Work to be completed: Your answer must be an exact copy of the listing, with the images left out.

Collected data:
========================================
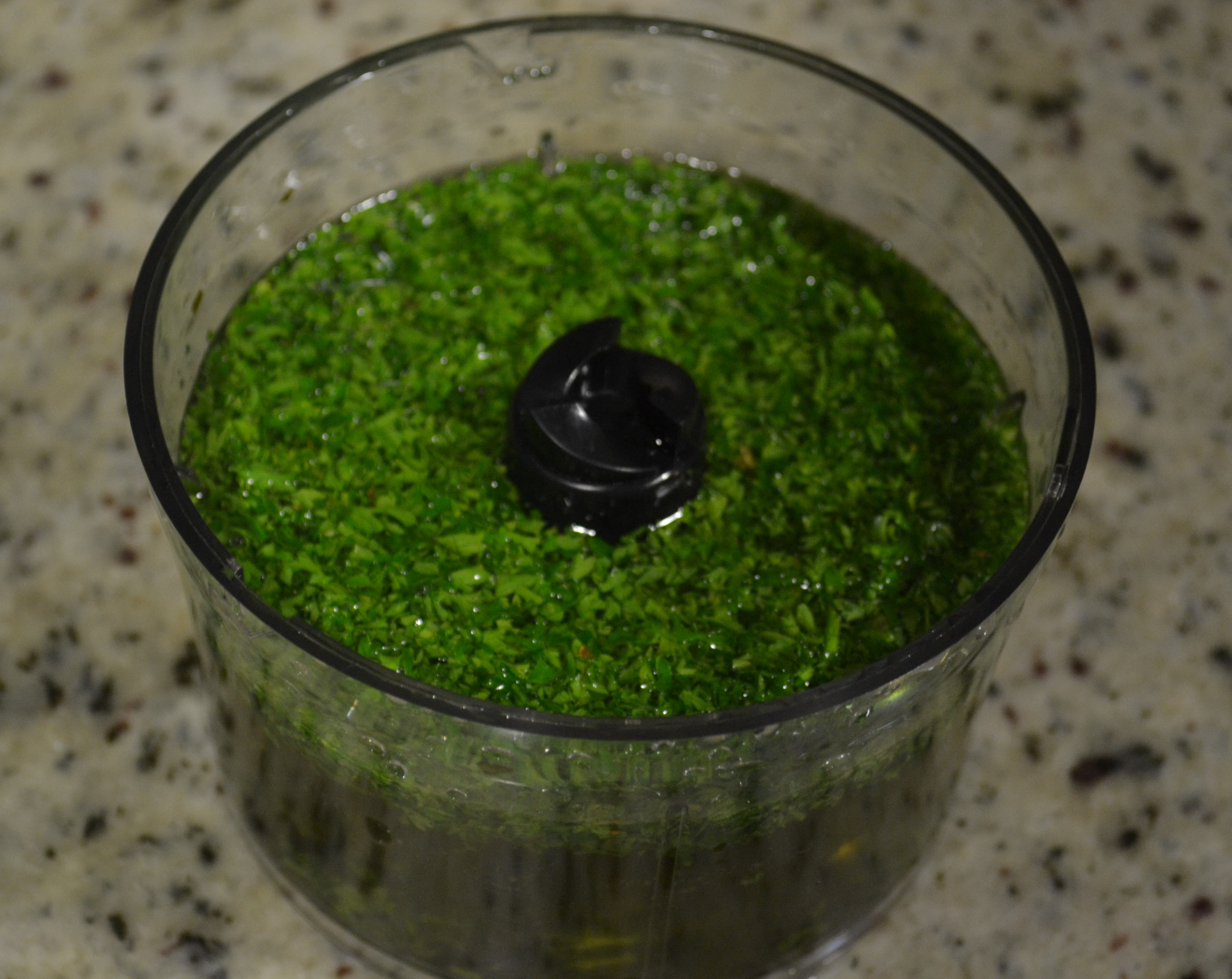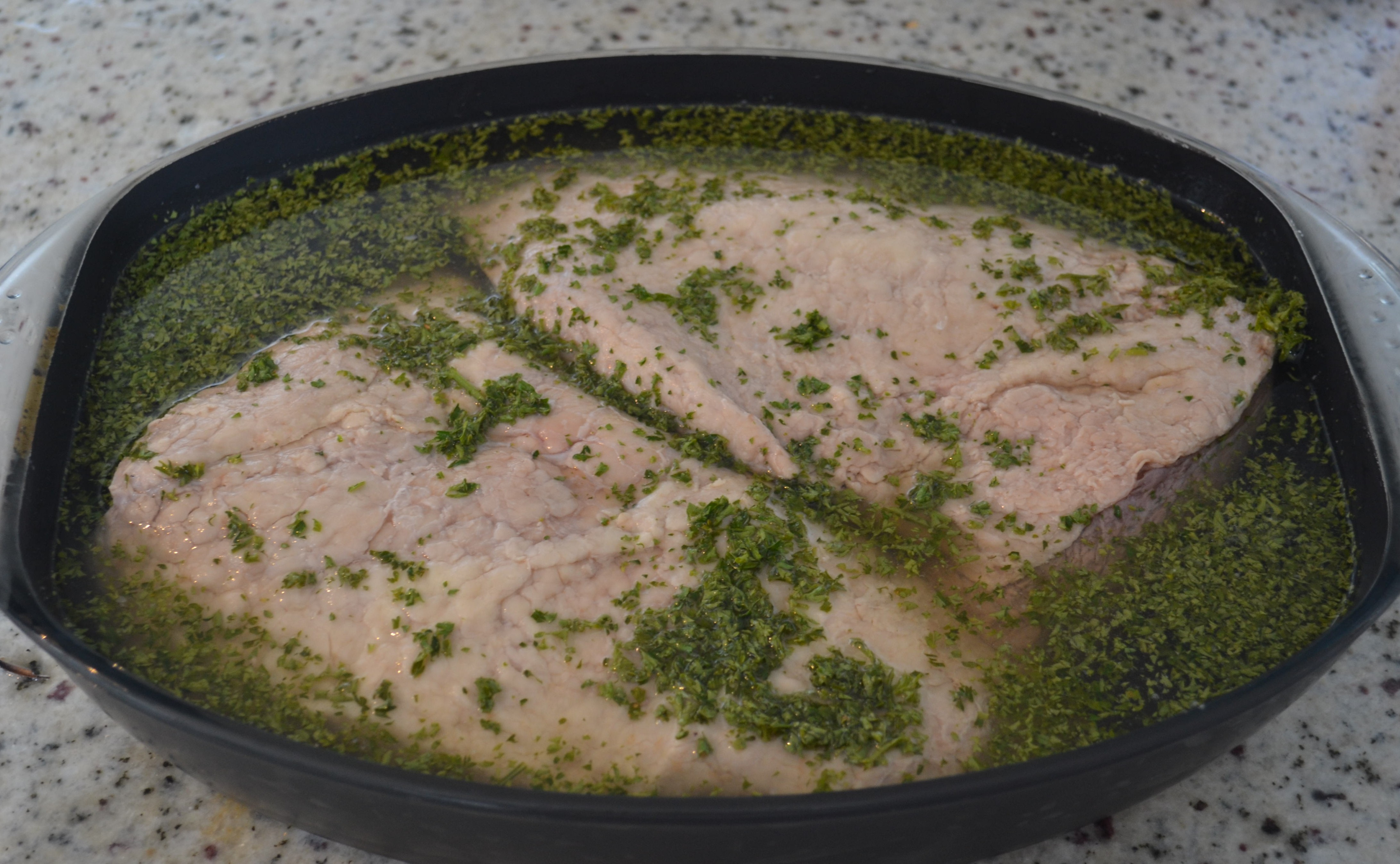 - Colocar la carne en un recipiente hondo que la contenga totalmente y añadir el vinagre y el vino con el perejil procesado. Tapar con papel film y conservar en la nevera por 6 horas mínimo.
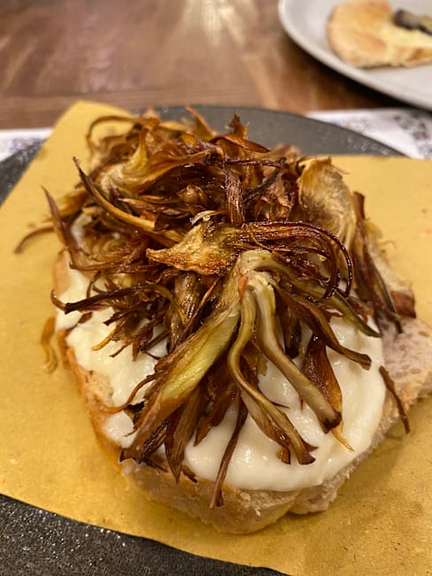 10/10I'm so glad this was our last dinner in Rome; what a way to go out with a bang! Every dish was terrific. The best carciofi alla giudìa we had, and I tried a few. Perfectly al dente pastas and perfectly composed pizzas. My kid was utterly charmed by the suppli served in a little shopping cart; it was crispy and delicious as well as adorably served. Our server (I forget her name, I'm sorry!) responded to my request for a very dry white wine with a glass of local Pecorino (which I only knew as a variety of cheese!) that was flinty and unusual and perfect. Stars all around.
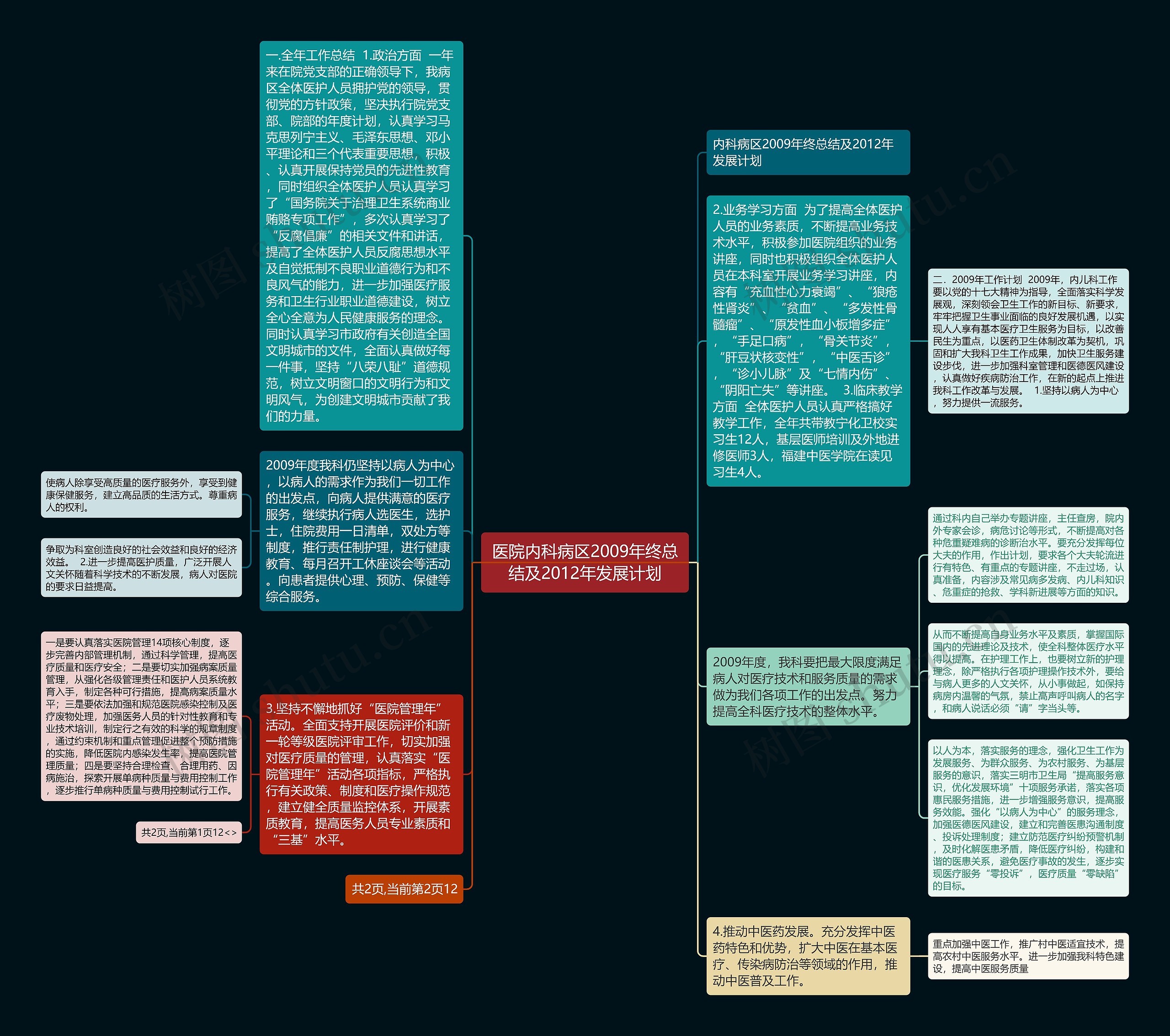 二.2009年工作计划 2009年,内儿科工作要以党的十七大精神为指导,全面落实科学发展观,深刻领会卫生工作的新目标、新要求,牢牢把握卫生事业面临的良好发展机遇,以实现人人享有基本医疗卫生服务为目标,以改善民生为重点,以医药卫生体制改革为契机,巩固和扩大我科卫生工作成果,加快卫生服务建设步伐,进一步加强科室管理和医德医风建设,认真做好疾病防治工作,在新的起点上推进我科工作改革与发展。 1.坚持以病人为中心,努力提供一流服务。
========================================
Answer to the exercise:
 - Colocar la carne en un recipiente hondo que la contenga totalmente y añadir el vinagre y el vino con el perejil procesado. Tapar con papel film y conservar en la nevera por 6 horas mínimo.
 10/10I'm so glad this was our last dinner in Rome; what a way to go out with a bang! Every dish was terrific. The best carciofi alla giudìa we had, and I tried a few. Perfectly al dente pastas and perfectly composed pizzas. My kid was utterly charmed by the suppli served in a little shopping cart; it was crispy and delicious as well as adorably served. Our server (I forget her name, I'm sorry!) responded to my request for a very dry white wine with a glass of local Pecorino (which I only knew as a variety of cheese!) that was flinty and unusual and perfect. Stars all around.
 二.2009年工作计划 2009年,内儿科工作要以党的十七大精神为指导,全面落实科学发展观,深刻领会卫生工作的新目标、新要求,牢牢把握卫生事业面临的良好发展机遇,以实现人人享有基本医疗卫生服务为目标,以改善民生为重点,以医药卫生体制改革为契机,巩固和扩大我科卫生工作成果,加快卫生服务建设步伐,进一步加强科室管理和医德医风建设,认真做好疾病防治工作,在新的起点上推进我科工作改革与发展。 1.坚持以病人为中心,努力提供一流服务。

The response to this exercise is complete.